Exercise data |

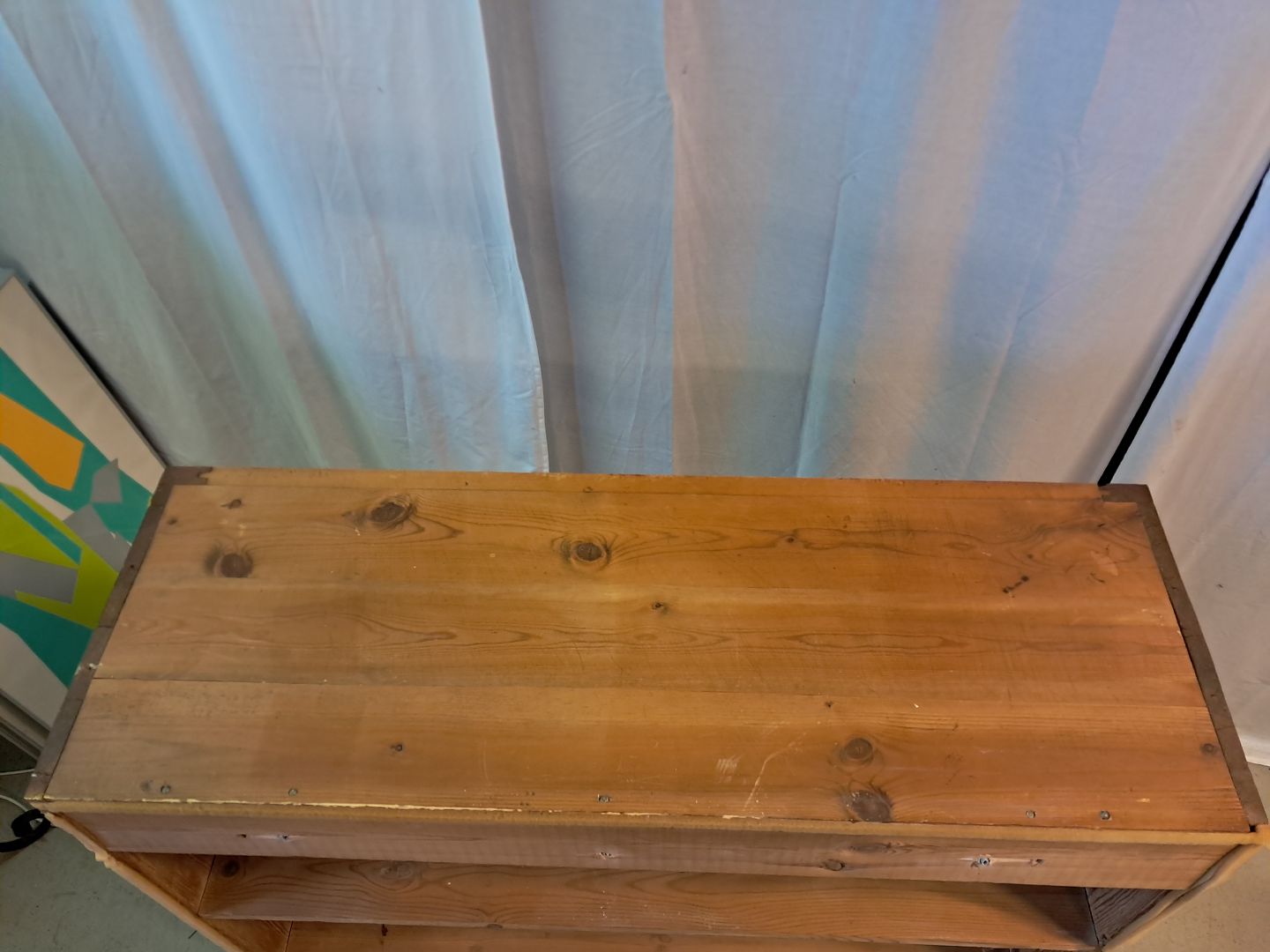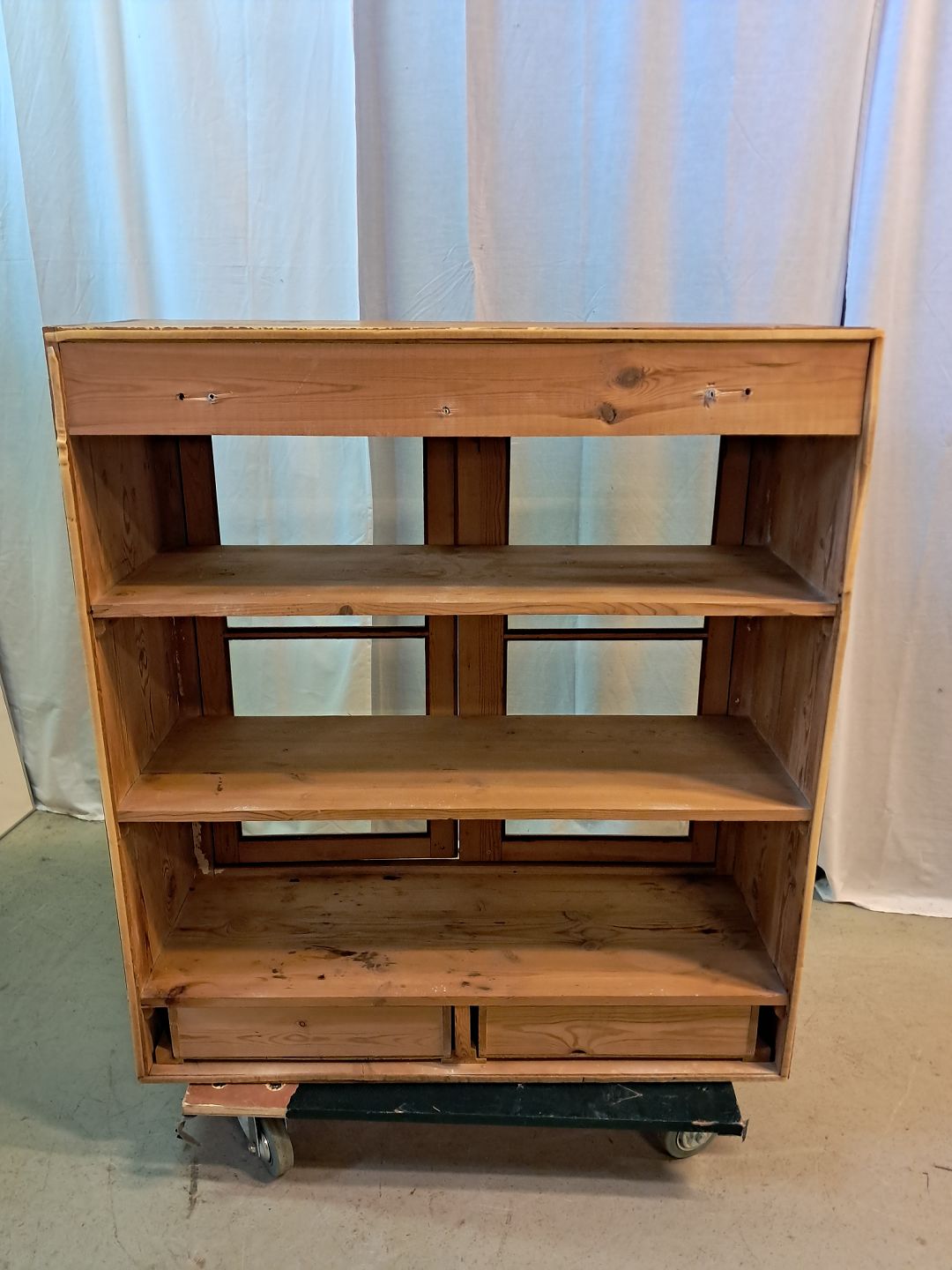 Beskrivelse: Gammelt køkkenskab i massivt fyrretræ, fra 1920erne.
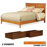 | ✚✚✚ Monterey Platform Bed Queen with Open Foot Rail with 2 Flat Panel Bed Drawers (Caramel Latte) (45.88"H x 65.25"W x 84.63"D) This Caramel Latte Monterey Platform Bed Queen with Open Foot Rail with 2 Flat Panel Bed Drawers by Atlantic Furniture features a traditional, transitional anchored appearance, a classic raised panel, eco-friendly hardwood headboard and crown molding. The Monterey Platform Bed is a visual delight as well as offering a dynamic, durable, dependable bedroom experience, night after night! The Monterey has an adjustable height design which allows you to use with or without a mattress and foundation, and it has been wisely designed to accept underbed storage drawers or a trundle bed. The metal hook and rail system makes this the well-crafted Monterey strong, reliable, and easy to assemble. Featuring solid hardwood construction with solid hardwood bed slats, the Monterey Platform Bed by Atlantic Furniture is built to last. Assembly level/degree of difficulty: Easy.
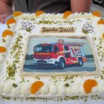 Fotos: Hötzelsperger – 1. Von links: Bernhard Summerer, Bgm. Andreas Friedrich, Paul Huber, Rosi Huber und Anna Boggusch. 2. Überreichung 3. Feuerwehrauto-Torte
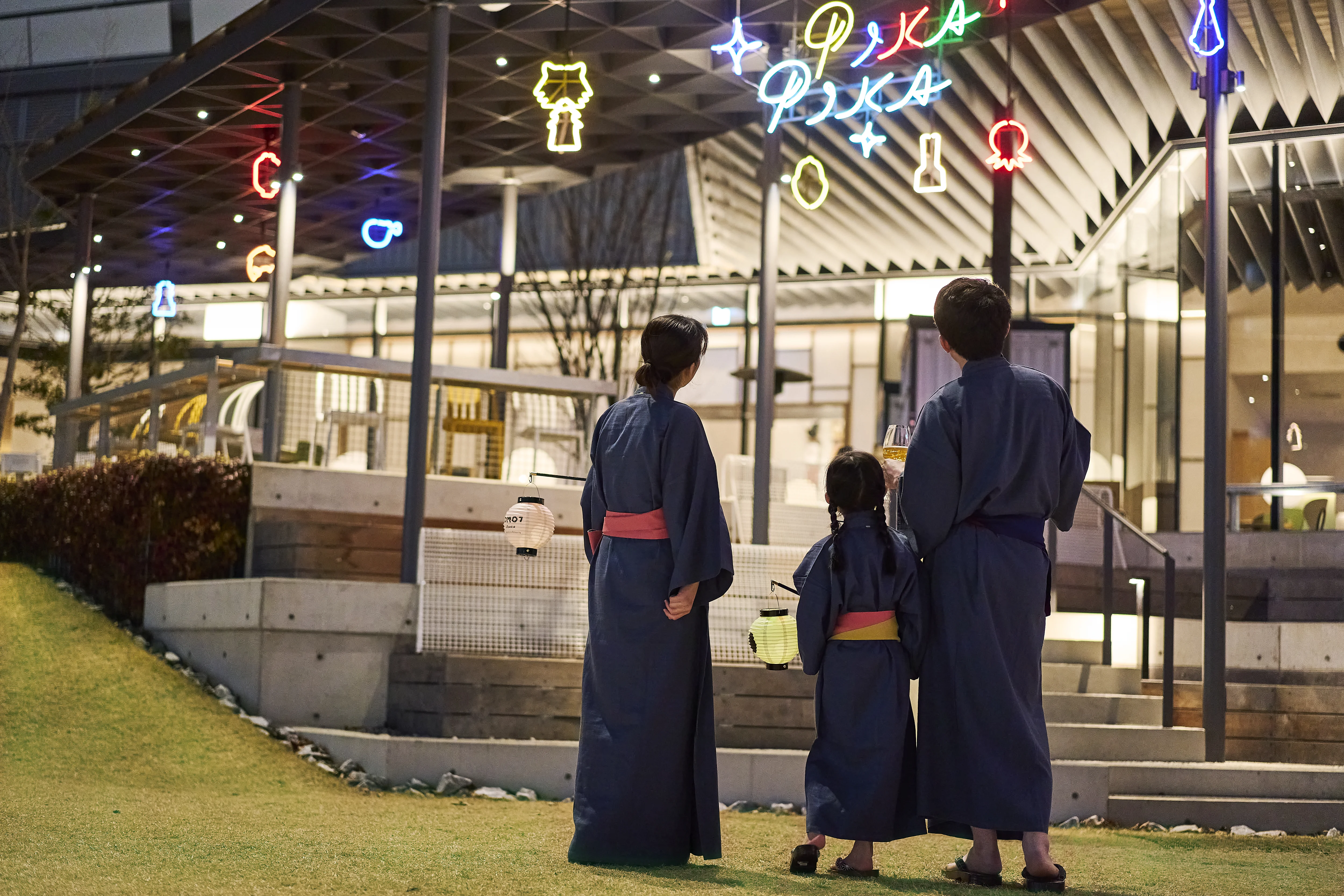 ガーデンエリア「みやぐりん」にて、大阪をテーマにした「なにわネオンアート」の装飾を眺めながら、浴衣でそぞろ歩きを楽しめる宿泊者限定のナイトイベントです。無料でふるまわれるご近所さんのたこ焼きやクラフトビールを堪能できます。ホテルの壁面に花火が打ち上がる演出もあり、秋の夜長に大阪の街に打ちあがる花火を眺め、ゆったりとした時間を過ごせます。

...

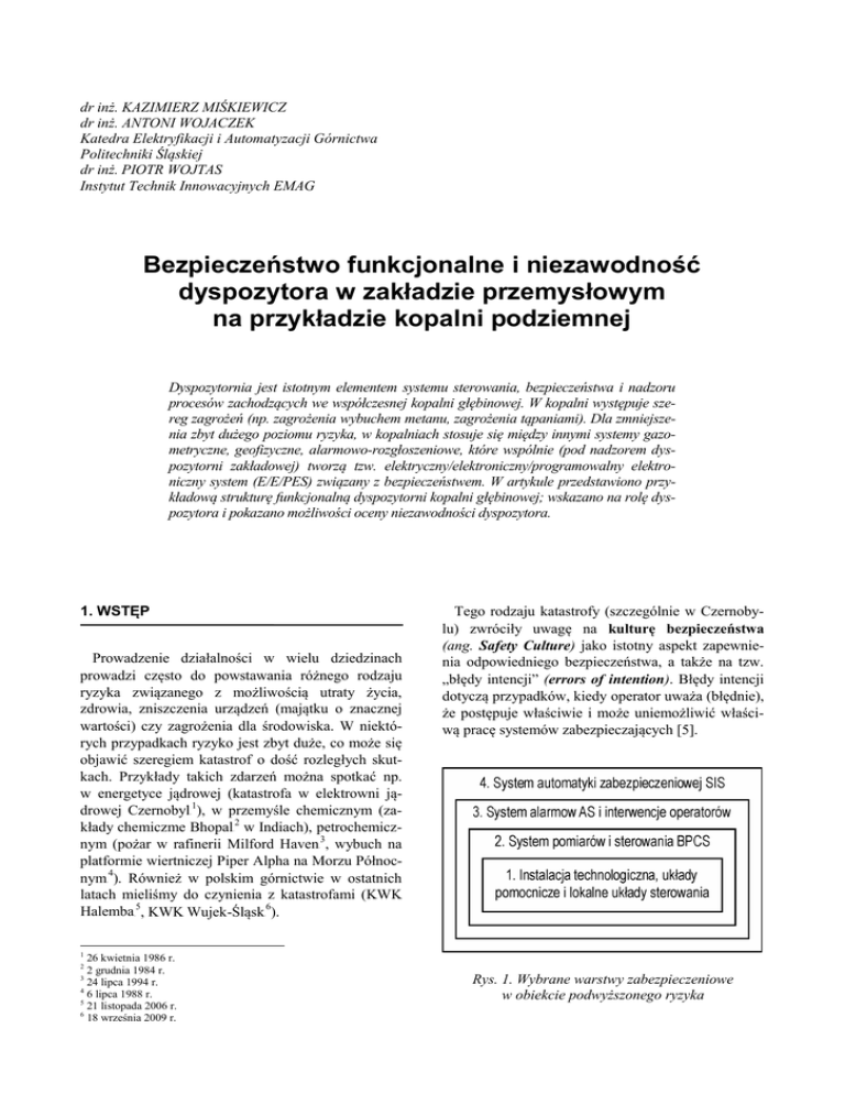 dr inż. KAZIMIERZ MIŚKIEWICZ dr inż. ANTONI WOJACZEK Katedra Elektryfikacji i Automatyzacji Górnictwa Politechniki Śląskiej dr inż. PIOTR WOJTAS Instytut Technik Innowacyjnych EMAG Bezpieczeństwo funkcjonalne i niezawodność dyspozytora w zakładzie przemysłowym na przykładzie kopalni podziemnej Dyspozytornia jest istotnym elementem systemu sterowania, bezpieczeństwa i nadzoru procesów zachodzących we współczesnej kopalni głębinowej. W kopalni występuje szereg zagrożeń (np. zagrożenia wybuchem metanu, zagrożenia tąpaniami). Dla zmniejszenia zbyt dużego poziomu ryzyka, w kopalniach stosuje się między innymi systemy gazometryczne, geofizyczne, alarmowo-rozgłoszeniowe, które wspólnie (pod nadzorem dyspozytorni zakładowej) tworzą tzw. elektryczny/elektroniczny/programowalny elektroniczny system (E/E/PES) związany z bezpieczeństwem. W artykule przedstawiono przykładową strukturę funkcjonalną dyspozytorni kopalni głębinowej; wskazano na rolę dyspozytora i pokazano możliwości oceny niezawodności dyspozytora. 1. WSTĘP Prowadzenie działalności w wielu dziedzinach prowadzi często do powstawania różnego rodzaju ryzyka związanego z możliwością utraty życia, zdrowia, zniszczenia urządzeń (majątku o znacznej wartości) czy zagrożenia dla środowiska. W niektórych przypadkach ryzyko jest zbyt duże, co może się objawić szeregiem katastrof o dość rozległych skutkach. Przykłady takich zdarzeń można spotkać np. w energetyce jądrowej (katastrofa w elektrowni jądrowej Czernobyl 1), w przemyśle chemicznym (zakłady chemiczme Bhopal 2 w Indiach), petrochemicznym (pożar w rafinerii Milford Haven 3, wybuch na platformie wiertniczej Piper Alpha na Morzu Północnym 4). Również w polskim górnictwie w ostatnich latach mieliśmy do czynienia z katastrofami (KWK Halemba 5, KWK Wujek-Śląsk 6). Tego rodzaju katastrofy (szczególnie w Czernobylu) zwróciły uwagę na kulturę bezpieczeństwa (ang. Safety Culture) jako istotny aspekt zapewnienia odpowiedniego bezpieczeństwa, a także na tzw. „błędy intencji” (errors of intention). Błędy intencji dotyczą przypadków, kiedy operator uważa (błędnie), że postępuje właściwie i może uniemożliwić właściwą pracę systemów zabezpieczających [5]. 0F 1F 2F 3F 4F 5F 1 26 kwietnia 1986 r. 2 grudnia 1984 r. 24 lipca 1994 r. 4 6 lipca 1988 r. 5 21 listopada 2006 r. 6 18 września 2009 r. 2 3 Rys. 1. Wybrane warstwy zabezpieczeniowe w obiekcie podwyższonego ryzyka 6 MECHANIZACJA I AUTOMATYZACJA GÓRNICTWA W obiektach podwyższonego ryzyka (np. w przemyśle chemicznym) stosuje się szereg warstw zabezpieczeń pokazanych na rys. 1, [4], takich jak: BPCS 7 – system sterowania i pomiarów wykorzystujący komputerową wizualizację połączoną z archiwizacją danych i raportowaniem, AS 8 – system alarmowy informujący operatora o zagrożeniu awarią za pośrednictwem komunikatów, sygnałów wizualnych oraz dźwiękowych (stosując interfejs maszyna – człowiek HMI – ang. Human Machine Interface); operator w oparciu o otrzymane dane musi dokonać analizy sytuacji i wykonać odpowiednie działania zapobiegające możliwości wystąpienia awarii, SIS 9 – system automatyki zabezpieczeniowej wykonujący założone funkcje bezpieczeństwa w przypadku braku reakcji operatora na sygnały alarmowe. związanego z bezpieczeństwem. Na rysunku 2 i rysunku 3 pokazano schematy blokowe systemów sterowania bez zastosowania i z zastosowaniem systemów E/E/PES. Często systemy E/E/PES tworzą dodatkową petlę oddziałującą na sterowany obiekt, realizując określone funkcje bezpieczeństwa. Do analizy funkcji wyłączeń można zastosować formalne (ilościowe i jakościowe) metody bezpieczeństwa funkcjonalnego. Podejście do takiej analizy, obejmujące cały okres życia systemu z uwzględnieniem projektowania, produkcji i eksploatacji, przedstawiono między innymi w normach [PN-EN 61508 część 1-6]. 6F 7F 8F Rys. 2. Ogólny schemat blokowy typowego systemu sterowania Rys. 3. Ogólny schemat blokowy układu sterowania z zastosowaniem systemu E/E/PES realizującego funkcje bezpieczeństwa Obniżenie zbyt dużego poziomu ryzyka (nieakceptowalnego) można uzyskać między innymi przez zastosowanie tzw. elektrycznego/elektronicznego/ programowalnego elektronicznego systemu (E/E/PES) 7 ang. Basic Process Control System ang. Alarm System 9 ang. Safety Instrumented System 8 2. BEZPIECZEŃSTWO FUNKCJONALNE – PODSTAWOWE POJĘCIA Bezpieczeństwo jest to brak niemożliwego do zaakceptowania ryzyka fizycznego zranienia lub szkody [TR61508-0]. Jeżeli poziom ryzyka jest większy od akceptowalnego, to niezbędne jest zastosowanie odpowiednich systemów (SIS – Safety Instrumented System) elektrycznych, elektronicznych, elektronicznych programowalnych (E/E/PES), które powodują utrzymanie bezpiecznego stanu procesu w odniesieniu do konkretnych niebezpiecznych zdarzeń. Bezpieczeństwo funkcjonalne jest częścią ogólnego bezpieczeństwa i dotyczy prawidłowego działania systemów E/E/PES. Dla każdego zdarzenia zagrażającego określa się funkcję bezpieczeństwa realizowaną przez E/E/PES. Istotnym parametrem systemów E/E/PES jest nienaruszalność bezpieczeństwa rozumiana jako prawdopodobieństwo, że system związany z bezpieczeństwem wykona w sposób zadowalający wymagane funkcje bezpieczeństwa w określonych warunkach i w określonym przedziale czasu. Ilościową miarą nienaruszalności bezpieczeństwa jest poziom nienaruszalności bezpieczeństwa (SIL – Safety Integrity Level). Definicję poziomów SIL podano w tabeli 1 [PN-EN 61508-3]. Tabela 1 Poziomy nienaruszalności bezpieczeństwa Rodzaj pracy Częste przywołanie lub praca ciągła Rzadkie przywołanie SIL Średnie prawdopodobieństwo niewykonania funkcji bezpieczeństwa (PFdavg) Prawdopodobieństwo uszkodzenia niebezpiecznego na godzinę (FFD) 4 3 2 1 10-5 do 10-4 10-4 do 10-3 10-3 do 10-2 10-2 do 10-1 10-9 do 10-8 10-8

Assignment |
Out of the records above, set down only the lines from the one that contains "of difficulty: Easy." through the one that contains "ガーデンエリア「みやぐりん」", unchanged and without the pictures.

Answer space |
 | ✚✚✚ Monterey Platform Bed Queen with Open Foot Rail with 2 Flat Panel Bed Drawers (Caramel Latte) (45.88"H x 65.25"W x 84.63"D) This Caramel Latte Monterey Platform Bed Queen with Open Foot Rail with 2 Flat Panel Bed Drawers by Atlantic Furniture features a traditional, transitional anchored appearance, a classic raised panel, eco-friendly hardwood headboard and crown molding. The Monterey Platform Bed is a visual delight as well as offering a dynamic, durable, dependable bedroom experience, night after night! The Monterey has an adjustable height design which allows you to use with or without a mattress and foundation, and it has been wisely designed to accept underbed storage drawers or a trundle bed. The metal hook and rail system makes this the well-crafted Monterey strong, reliable, and easy to assemble. Featuring solid hardwood construction with solid hardwood bed slats, the Monterey Platform Bed by Atlantic Furniture is built to last. Assembly level/degree of difficulty: Easy.
 Fotos: Hötzelsperger – 1. Von links: Bernhard Summerer, Bgm. Andreas Friedrich, Paul Huber, Rosi Huber und Anna Boggusch. 2. Überreichung 3. Feuerwehrauto-Torte
 ガーデンエリア「みやぐりん」にて、大阪をテーマにした「なにわネオンアート」の装飾を眺めながら、浴衣でそぞろ歩きを楽しめる宿泊者限定のナイトイベントです。無料でふるまわれるご近所さんのたこ焼きやクラフトビールを堪能できます。ホテルの壁面に花火が打ち上がる演出もあり、秋の夜長に大阪の街に打ちあがる花火を眺め、ゆったりとした時間を過ごせます。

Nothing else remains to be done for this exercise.